Last week, students from our department together with colleagues from the University of Vienna organized a conference entitled Otherness in Byzantium: Imagining, Encountering, Excluding. The conference approached the concept of otherness from two complementary perspectives. On the one hand, it investigated how the Byzantines imagined an idealized self-identity, in a dialectic way, through the construction of the Other. This included exploring the strategies used by social groups to construct a self-perception distinct from outsiders. On the other hand, it addressed the issue of deconstructing our own gaze as scholars dealing with regions and peoples that have been historically otherized.
It opened with a keynote from Koray Durak from Boğaziçi University on Manifestations of Identity and Otherness in Byzantium and Byzantine Studies, which placed the central questions of the conference with a historiographical framework. This was followed by panels on identity in philosophy, literature and material culture. On the second day, the conference ended with a second keynote from Ingela Nilsson on Recognizing the Other in Byzantine Studies.
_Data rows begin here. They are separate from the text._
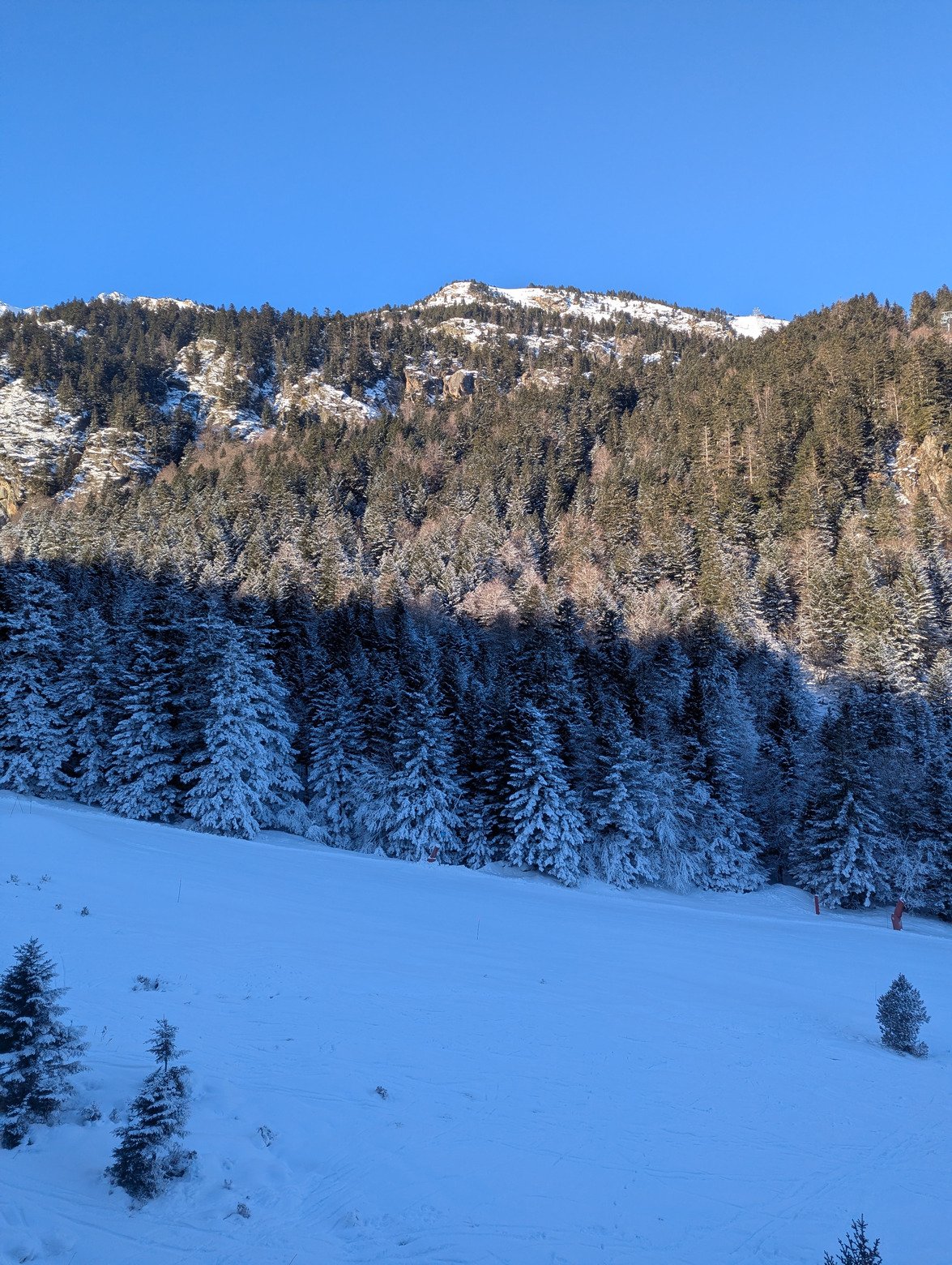 Sans surprise, on se caille (à 10h, -15°C à 2000m). Il y a un grand soleil, mais un peu trop bas pour chauffer fort.
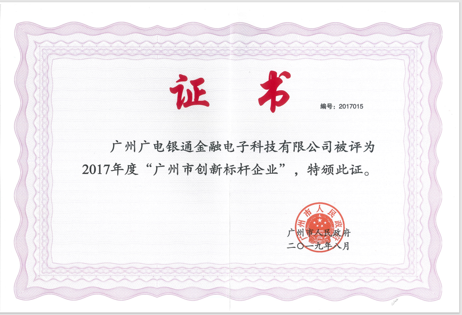 2017年度廣州市創(chuàng)新標(biāo)桿企業(yè)證書
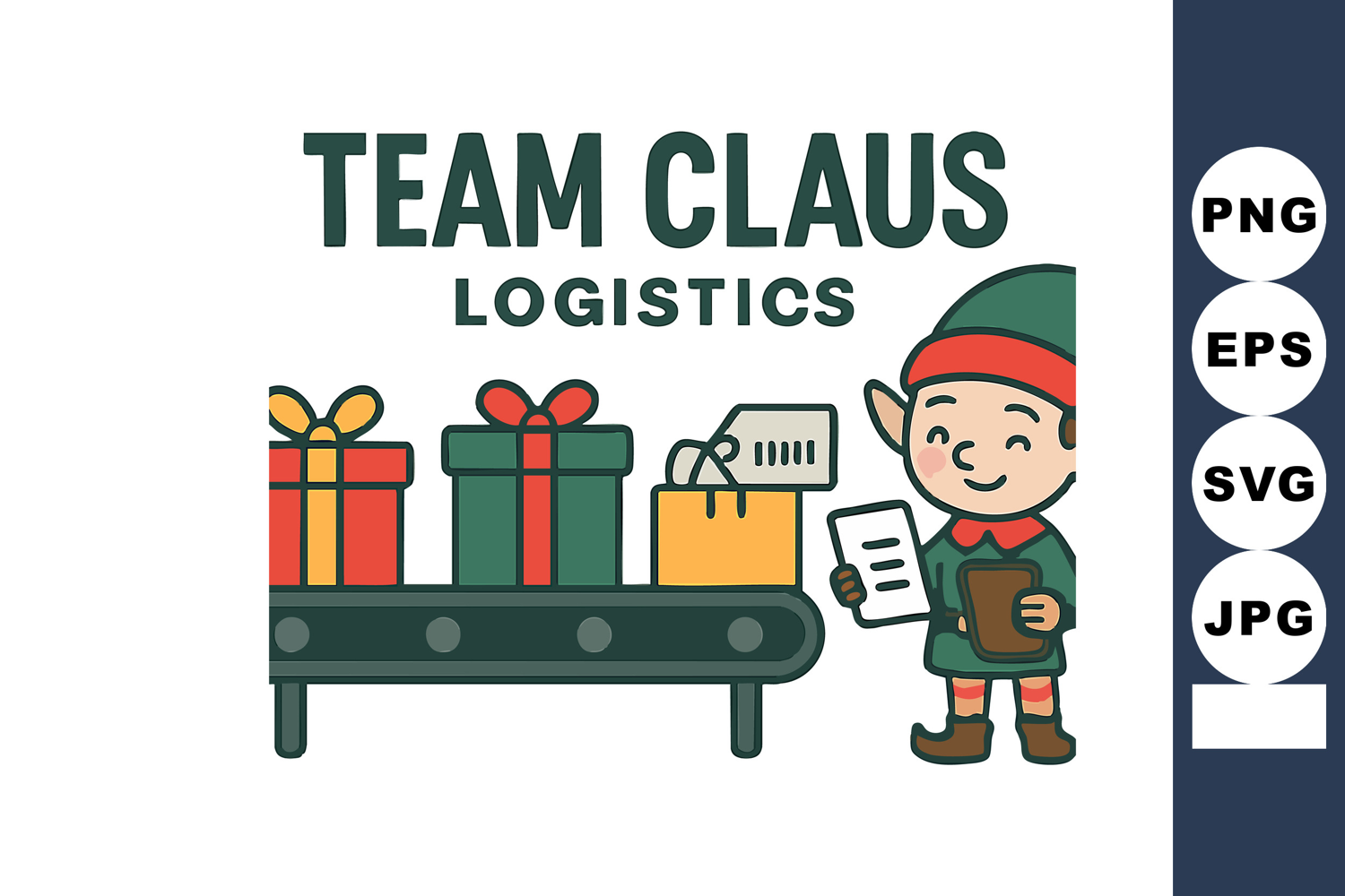 Team Claus logistics illustration with elf worker and colorf
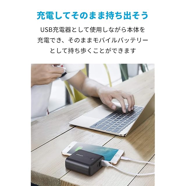 充電してそのまま持ち出そう:USB充電器として使用しながらAnker PowerCore Fusion本体を充電でき、そのままモバイルバッテリーとして持ち歩くことができます。折りたたみ式プラグを採用しているので持ち運びに便利です。(USB充電器としての使用時は、まずお使いの機器を充電し、その後Anker PowerCore Fusion本体の充電を開始します)
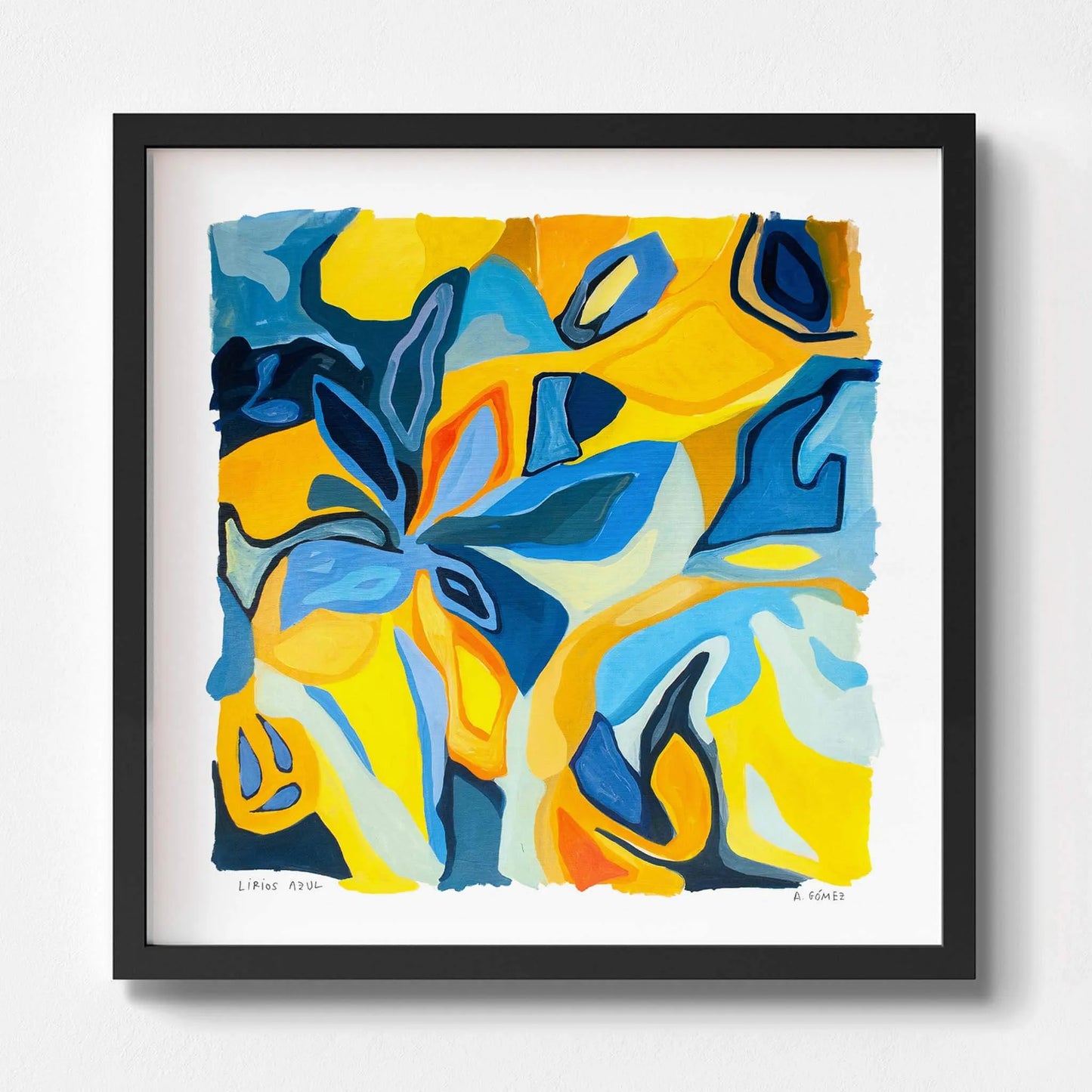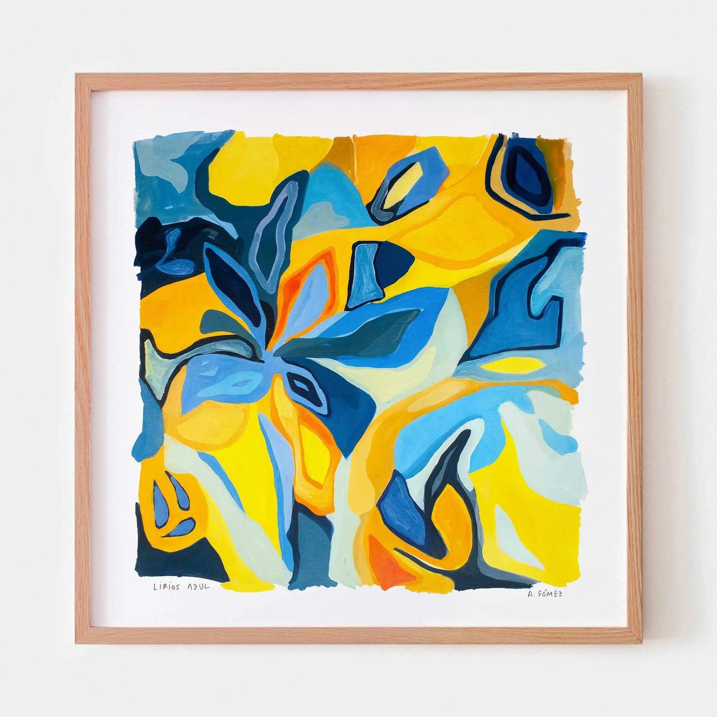 Lirios Azul by Ane Gómez is a luminous and colourful art print inspired by the artist’s poetic exploration of nature and perception. One of two works centred on lilies, this piece shifts the focus to cool blue tones. Originally painted in oils to convey calm, depth and fluid organic movement, the suggestion of lilies remains intentionally abstract, balancing recognisable natural forms with expressive freedom and emotional resonance.

It was co-organized by graduate students of the Department of Historical Studies at the Central European University and the Ancient, Byzantine and Medieval Studies Cluster of the Doctoral School of Historical and Cultural Studies at the University of Vienna: Ada Kök (Central European University), Alessandra Guido (University of Vienna), Dachi Pachulia (Central European University), Gunhyuk Lee (Central European University), Hans-Nikos Christoforakis (University of Vienna), Kassandra Cox (Central European University), Luidmila Eramova (University of Vienna), Marieke Verbiest (University of Vienna), Olga Vlachou (Central European University), Panagiotis Kouloukis (University of Vienna).